To do: Word for word, return each entry that follows, with every image removed.

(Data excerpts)
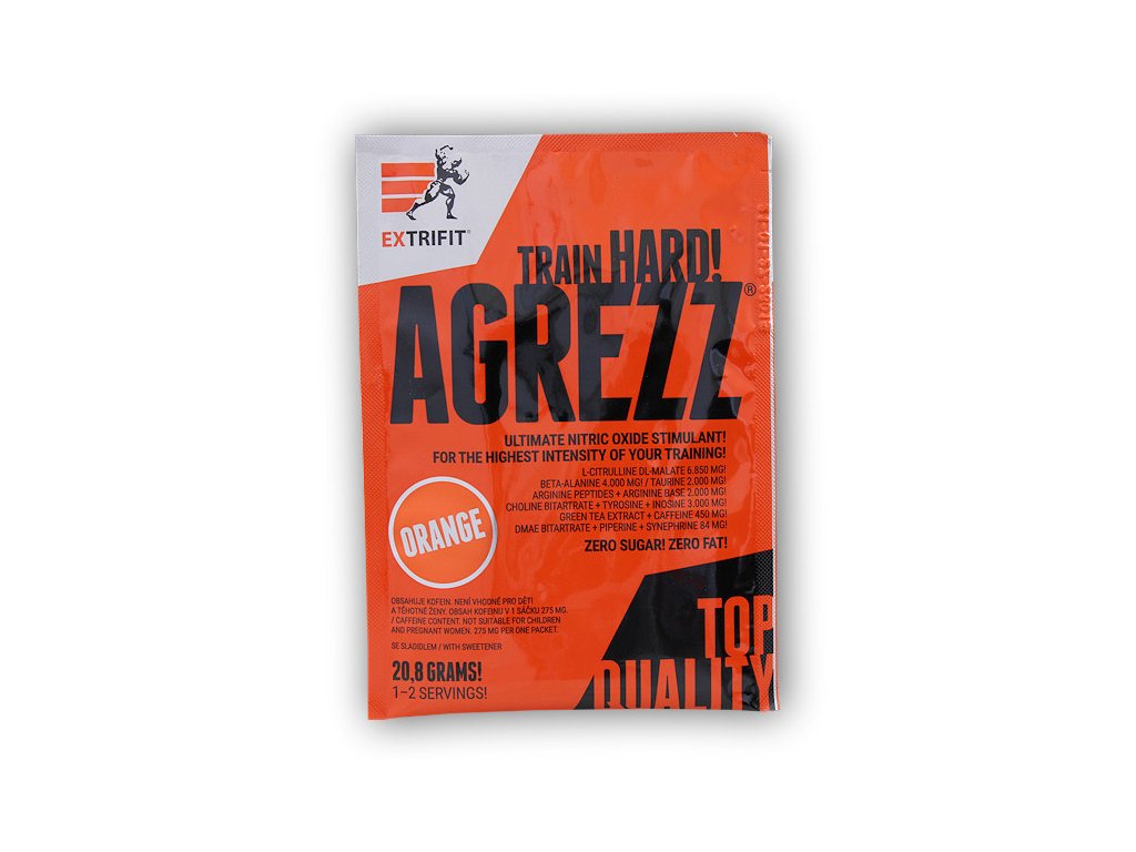 Přinášíme Vám naprostou novinku od Extrifitu! Chcete zažít skutečnou intenzitu tréninku? Takovou, kdy cítíte nejen maximálně napumpované svaly, ale také dokonalou koncentraci na trénink, kdy jste schopni ze sebe vydat maximum a vše jde samo? Zkuste náš nový produkt a posuďte sami! Agrezz ® je profesionální produkt určený pro maximalizaci výkonu, síly a silové vytrvalosti nejen kulturistů, ale všech sportovců, jejichž výkon má silově-vytrvalostní charakter, jako jsou hokejisté, zápasníci MMA apod. Agrezz ® dokáže odstranit lenost a výrazně prodloužit délku a intenzitu silového tréninku. Výrazným účinkem je efekt maximálního soustředění na výkon, což potvrdili prakticky všichni respondenti, kteří měli možnost Agrezz ® vyzkoušet ještě před uvedením na trh.
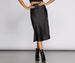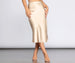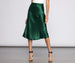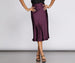 Slip into something effortlessly polished when you wear this satin midi! Skirt features an elasticized waist. a side zip. seam detail at back. and a gently flared hem. Skirt is made from a smooth woven material with a slight sheen and moderate stretch.
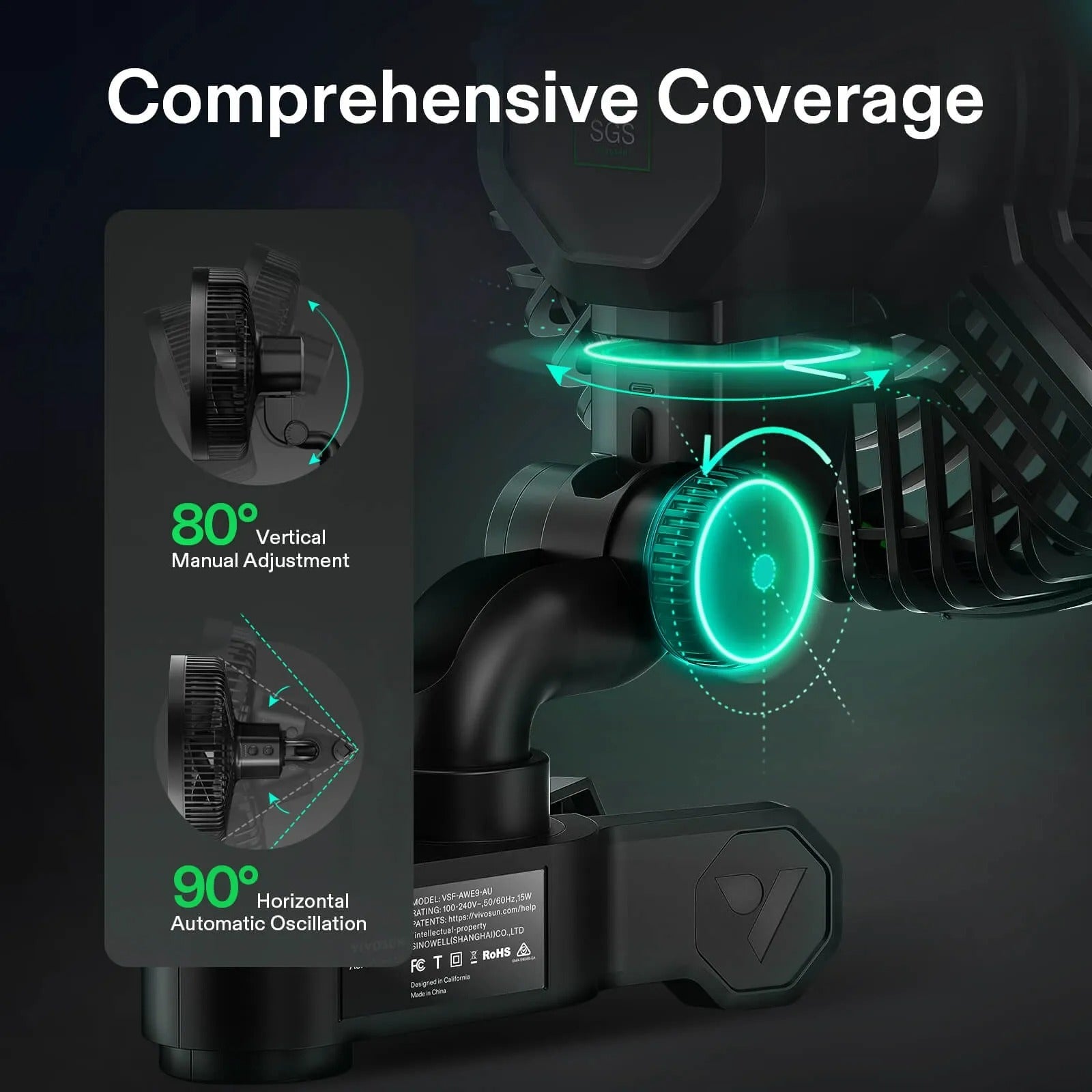 Two fans with 80° horizontal oscillation and 80° manual vertical adjustment provide comprehensive air coverage throughout your entire grow space from multiple angles.
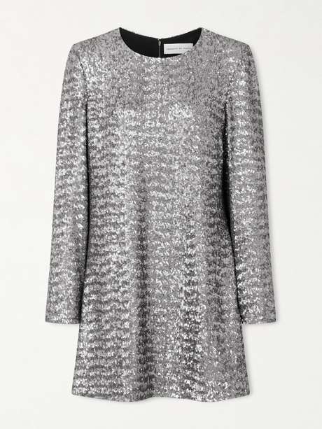 Das „Layla“ Kleid von Veronica de Piante ist über und über mit Pailletten bedeckt, dank derer es sich durch eine glitzernde Metallic-Optik auszeichnet. Es besteht aus Tüll und hat eine lockere Shift-Silhouette.
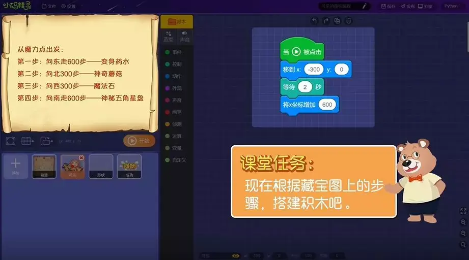 在小码精灵的课程中,坐标系的运用始终贯穿在课程学习里面,通过游戏的方式将知识更直观的展示在孩子面前:

Task result:
 Přinášíme Vám naprostou novinku od Extrifitu! Chcete zažít skutečnou intenzitu tréninku? Takovou, kdy cítíte nejen maximálně napumpované svaly, ale také dokonalou koncentraci na trénink, kdy jste schopni ze sebe vydat maximum a vše jde samo? Zkuste náš nový produkt a posuďte sami! Agrezz ® je profesionální produkt určený pro maximalizaci výkonu, síly a silové vytrvalosti nejen kulturistů, ale všech sportovců, jejichž výkon má silově-vytrvalostní charakter, jako jsou hokejisté, zápasníci MMA apod. Agrezz ® dokáže odstranit lenost a výrazně prodloužit délku a intenzitu silového tréninku. Výrazným účinkem je efekt maximálního soustředění na výkon, což potvrdili prakticky všichni respondenti, kteří měli možnost Agrezz ® vyzkoušet ještě před uvedením na trh.
 Slip into something effortlessly polished when you wear this satin midi! Skirt features an elasticized waist. a side zip. seam detail at back. and a gently flared hem. Skirt is made from a smooth woven material with a slight sheen and moderate stretch.
 Two fans with 80° horizontal oscillation and 80° manual vertical adjustment provide comprehensive air coverage throughout your entire grow space from multiple angles.
 Das „Layla“ Kleid von Veronica de Piante ist über und über mit Pailletten bedeckt, dank derer es sich durch eine glitzernde Metallic-Optik auszeichnet. Es besteht aus Tüll und hat eine lockere Shift-Silhouette.
 在小码精灵的课程中,坐标系的运用始终贯穿在课程学习里面,通过游戏的方式将知识更直观的展示在孩子面前:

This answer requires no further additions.